SUPPLIED MATERIAL —
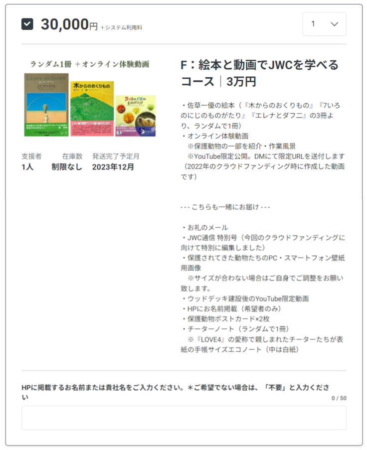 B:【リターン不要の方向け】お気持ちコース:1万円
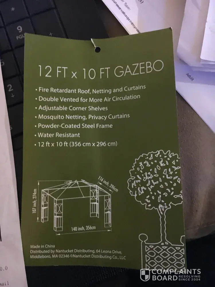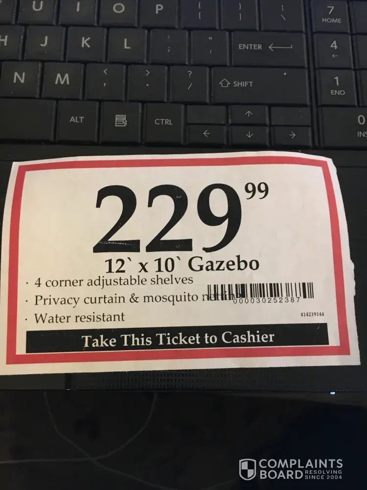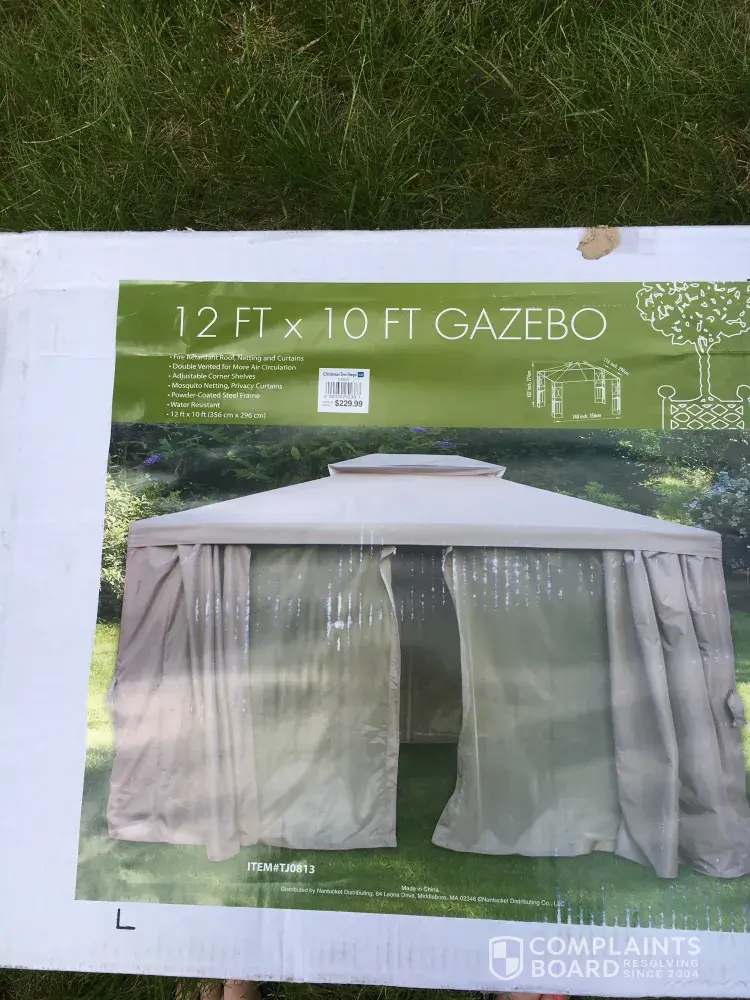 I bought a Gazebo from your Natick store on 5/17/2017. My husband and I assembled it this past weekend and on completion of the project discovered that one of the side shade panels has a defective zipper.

* * *

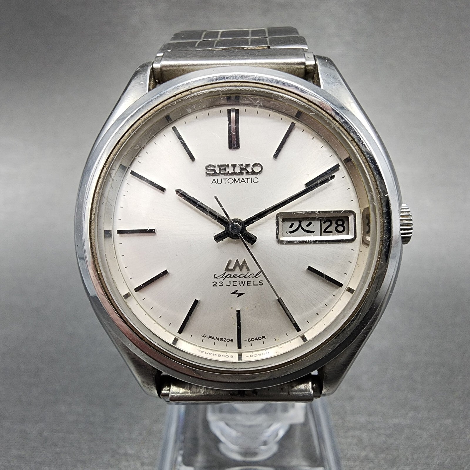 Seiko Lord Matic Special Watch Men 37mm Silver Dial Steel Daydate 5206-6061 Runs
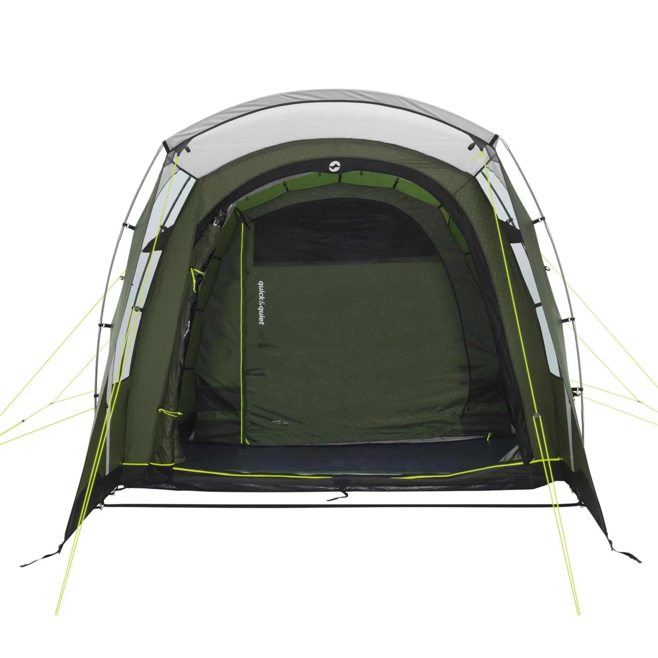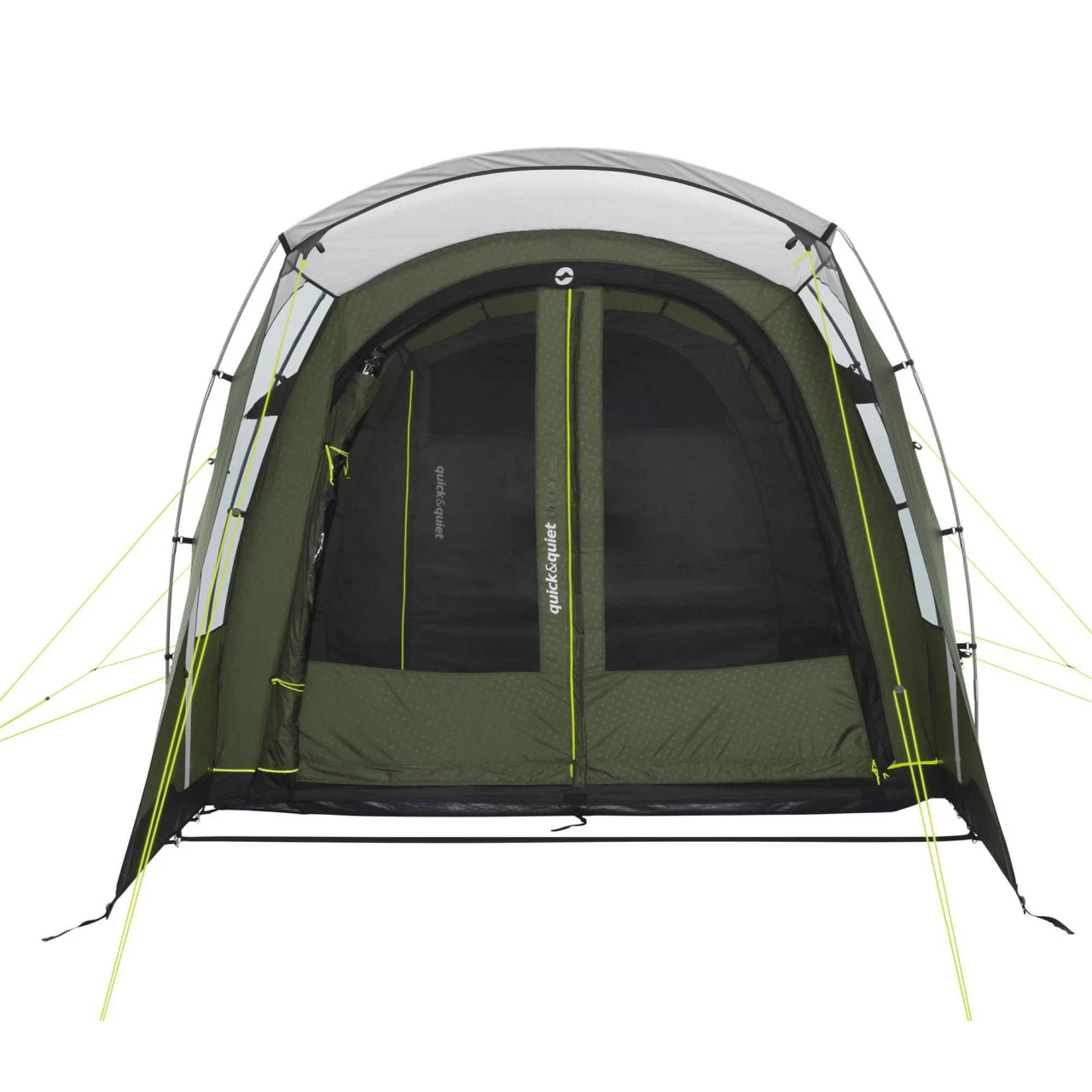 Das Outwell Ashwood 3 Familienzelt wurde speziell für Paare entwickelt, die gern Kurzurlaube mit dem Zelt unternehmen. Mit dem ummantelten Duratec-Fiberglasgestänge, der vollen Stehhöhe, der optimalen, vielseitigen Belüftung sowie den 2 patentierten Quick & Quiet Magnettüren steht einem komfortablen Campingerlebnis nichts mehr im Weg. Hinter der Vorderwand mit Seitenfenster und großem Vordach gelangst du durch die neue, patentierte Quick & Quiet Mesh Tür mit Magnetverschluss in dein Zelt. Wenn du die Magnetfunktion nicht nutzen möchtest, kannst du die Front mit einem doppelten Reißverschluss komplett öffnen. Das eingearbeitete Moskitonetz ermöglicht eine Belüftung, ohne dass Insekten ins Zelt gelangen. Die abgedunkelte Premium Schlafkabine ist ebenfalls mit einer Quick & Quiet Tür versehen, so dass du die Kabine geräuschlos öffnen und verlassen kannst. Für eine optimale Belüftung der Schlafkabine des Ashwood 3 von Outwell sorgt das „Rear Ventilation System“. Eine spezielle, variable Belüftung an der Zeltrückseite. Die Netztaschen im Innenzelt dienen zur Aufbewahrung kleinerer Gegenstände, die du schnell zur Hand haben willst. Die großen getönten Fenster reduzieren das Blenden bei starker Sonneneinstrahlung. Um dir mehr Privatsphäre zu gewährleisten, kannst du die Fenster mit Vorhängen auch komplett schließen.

WHAT IS EXPECTED —
Everything above from the line with "B:【リターン不要の方向け】お気持ちコース:1万円" through the line with "I bought a Gazebo" should be retyped exactly, and nothing else; omit pictures.

OUTPUT OF THE TASK —
 B:【リターン不要の方向け】お気持ちコース:1万円
 I bought a Gazebo from your Natick store on 5/17/2017. My husband and I assembled it this past weekend and on completion of the project discovered that one of the side shade panels has a defective zipper.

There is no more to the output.